As you move your platform from running on a single database and single server to running on a highly available scenario, be that a Mirror, AlwaysOn, or a cloud based platform like Windows or SQL Azure, you will find out that highly available does not equal highly reliable! The service will still go down during failover and this will not be covered by your “up time SLA”.
The solution is unfortunately the need to re-code the application tier to detect these “transient” errors and retry the offending code – hoping that the service is now running again on another node.
I will explore three common scenarios that need fault retry logic:
- SQL Mirror (SQL 2005+)
- SQL Always On (SQL 2012)
- Windows or SQL Azure
1) Dealing with Fault Retry Logic on a SQL Mirror
The sales blurb may claim that a SQL Mirror is zero down time with its “transparent” client redirection. The truth is that during a failover you will loose your current connection, and a rollback of any uncommitted transactions will occur.
If you are happy that your application crashes for a little while (e.g. web users see say and error page), and that in progress transactions are lost, then this is ok. Otherwise you will need the application code to support Fault Retry Logic.
The good news is that there is some sample code blocks available on codeplex that can be used as a starting point if you are developing on dot.net
If you are not developing on dot.net, then this code is still useful as you can read from the code the typical error codes that you need to look out for on failover. You can see the error numbers along with a nice KB article below.

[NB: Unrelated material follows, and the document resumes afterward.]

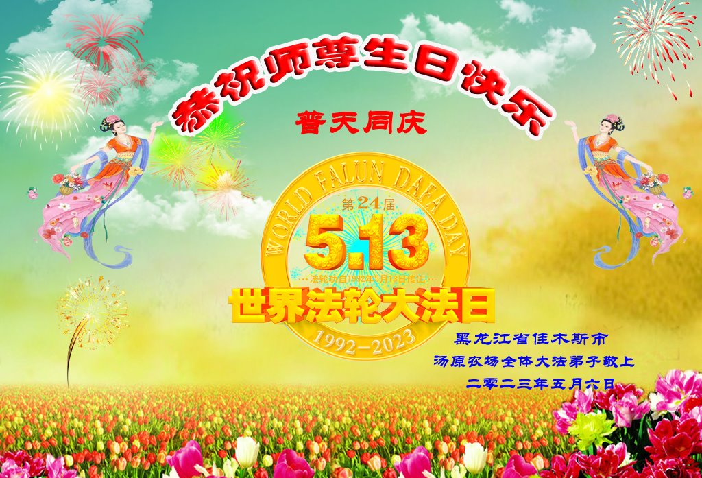黑龙江省佳木斯市大法弟子恭祝师尊生日快乐!普天同庆世界法轮大法日!

// The relevant error codes which are documented in http://support.microsoft.com/kb/109787
// which seem to be worthwhile for retrying. If errors occur which are not in this list they
// are simply rethrown.
readonly static int RetryErrorNumbers = new int
1608, // A network error was encountered while sending results to the front end
10008, // Bad token from SQL Server: datastream processing out of sync
10010, // Read from SQL Server failed
10018, // Error closing network connection
10025, // Write to SQL Server failed
10053, // Software caused connection abort
10054, // Connection reset by peer
10058, // Can't send after socket shutdown
17824, // Unable to write to server-side connection
17825, // Unable to close server-side connection
17832, // Unable to read login packet(s)
The sample code block uses a delegate to ensure facilitate the following algorithm:
a) Try method
b) If it throws and exception, check to see if the exception number is one of the known errors associated with mirror failover (see above)
c) If it is a known error message then go to sleep and retry
d) each retry attempt takes exponentially longer until the max retries are reached
1: /// <summary>
2: /// This method invokes the supplied delegate with retry logic wrapped around it. No values are returned. If the delegate raises
3: /// recoverable SQL server or client errors, then the supplied delegate is reinvoked after a certain amount of delay
4: /// (which grows exponentially for each retry) until the retry limit is exceeded, at which point the exception
5: /// is rethrown. Other exceptions are not caught and will be visible to callers.
6: /// </summary>
7: /// <param name="body">The delegate to invoke within the retry code.</param>
8: internal void WithMirrorRetry (RetryBody body)
10: int retryCount = 0;
12: while (true)
19: catch (SqlException se)
21: if (!RetryErrorNumbers.Contains<int>(se.Number))
24: if (retryCount >= _maxRetries) throw;
26: //Sleep exponentially more each time through the retry loop
27: Thread.Sleep((int)Math.Pow(_delayBase, retryCount));
28: retryCount += 1;
2) Dealing with Fault Retry Logic for SQL 2012 Always On
In theory SQL 2012 is similar needs a similar approach to that of the Mirror Fault Retry Provider (above). However there is now an expanded list of potential error numbers with new messages specific to Always On. A quick search on sys.messages shows some 306 new messages that mention replicas or availability groups
I haven’t managed to find a definitive list of which ones are relevant for detecting failover, but so far in my testing I am only hitting error codes 976 and 983 on top of the standard mirror ones listed in http://support.microsoft.com/kb/109787
Hopefully there will be an official KB article or code block from the patterns and practices group to help narrow down the list of error codes to use.
3) Dealing with Transient Errors in Windows Azure
Just to make matters more complex, environments like Windows Azure also have “transient” errors relating to either failover, changed connections or just the nature of the cloud.
You can read about the Transient Fault Handling Block and download it from this link
A Word of Warning on Application Transactions
If your application is using Microsoft DTC for transactions, or explicitly starting database transactions outside of a stored procedure, then the failover will cause the entire transaction to roll back. Your retry logic needs to do a lot more work than just retry the last statement after re-opening the connection. It will need to retry all statements, including the start of the transactions.
The sample code on transient errors, or fault retry will not help you here. You will need to ensure that retry happens for the whole batch of statements within the application. This seems to be a very common practice with Java development, so make sure the project includes a review of this risk.